» TASK REQUIREMENTS
Go through the records and set each one down exactly, skipping any picture.

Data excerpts
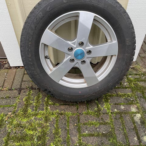 Är från början en Seat-fälg. Nu sitter VW centrumkåpor på, kan bytas. Satt senast på en T-Roc. ET-måttet behöver inte vara exakt. Tillåts variera en del. Däckfabrikat Continental Ice Contact 2.
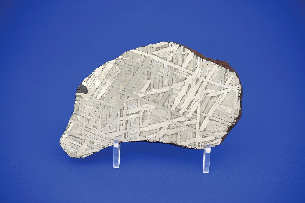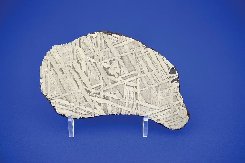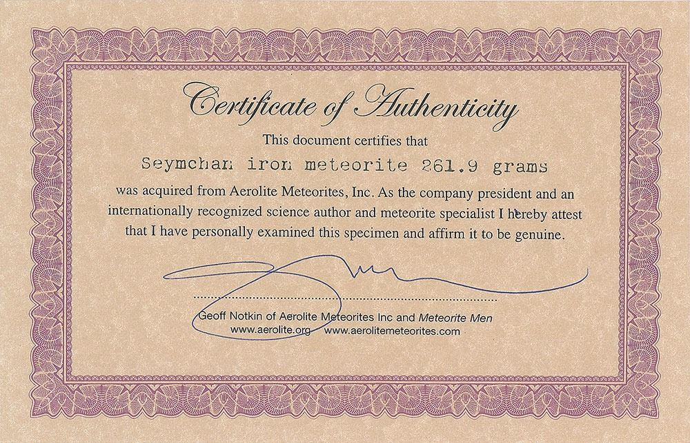 Seymchan pallasite siderite meteorite (Russia) slice, beautifully etched on both faces to reveal a complex lattice-like Widmanstatten pattern. The full etched slice weighs 261.9 grams and measures approximately 137 mm x 86 mm x 4 mm. In fine condition. Accompanied by a certificate of authenticity signed by Geoff Notkin of Aerolite Meteorites Inc. and the TV show Meteorite Men. While Seymchan is officially classified as a pallasite meteorite (comprised of an iron and olivine mixture), this piece shows only iron and is thus described as a siderite specimen. This example features an especially appealing shape and etch pattern.
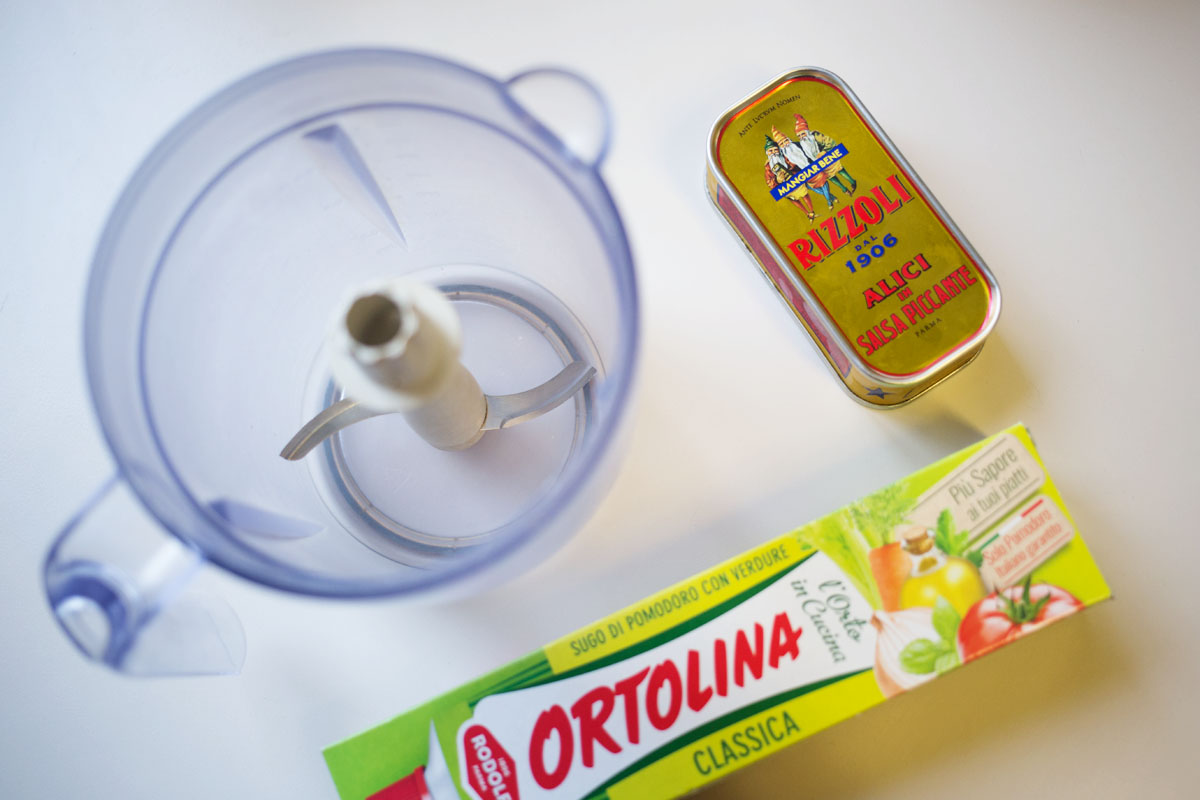 Conservation du Parmigiano Reggiano AOP– A part, mixer la sauce Ortolina avec les anchois à la sauce piquante + un filet d’huile d’olive (ajouter un brin d’eau si besoin pour la rendre plus onctueuse)
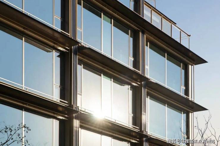 外立面的大面玻璃、铝板和石材上,镶嵌着一根根琉璃釉面蓝色陶板。灵感来自赫尔佐格&德梅隆为京杭大运河博物馆定制的蓝,模拟出水的轻盈波纹,光影流动。
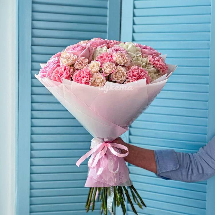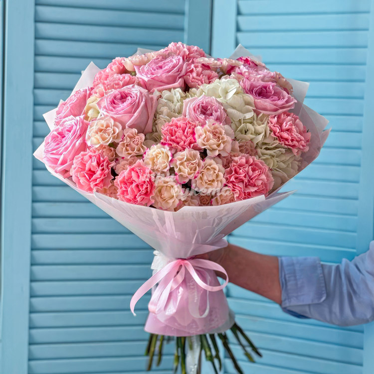 Розовый букет роз, диантусов и гортензий

» WRITTEN SOLUTION
 Är från början en Seat-fälg. Nu sitter VW centrumkåpor på, kan bytas. Satt senast på en T-Roc. ET-måttet behöver inte vara exakt. Tillåts variera en del. Däckfabrikat Continental Ice Contact 2.
 Seymchan pallasite siderite meteorite (Russia) slice, beautifully etched on both faces to reveal a complex lattice-like Widmanstatten pattern. The full etched slice weighs 261.9 grams and measures approximately 137 mm x 86 mm x 4 mm. In fine condition. Accompanied by a certificate of authenticity signed by Geoff Notkin of Aerolite Meteorites Inc. and the TV show Meteorite Men. While Seymchan is officially classified as a pallasite meteorite (comprised of an iron and olivine mixture), this piece shows only iron and is thus described as a siderite specimen. This example features an especially appealing shape and etch pattern.
 Conservation du Parmigiano Reggiano AOP– A part, mixer la sauce Ortolina avec les anchois à la sauce piquante + un filet d’huile d’olive (ajouter un brin d’eau si besoin pour la rendre plus onctueuse)
 外立面的大面玻璃、铝板和石材上,镶嵌着一根根琉璃釉面蓝色陶板。灵感来自赫尔佐格&德梅隆为京杭大运河博物馆定制的蓝,模拟出水的轻盈波纹,光影流动。
 Розовый букет роз, диантусов и гортензий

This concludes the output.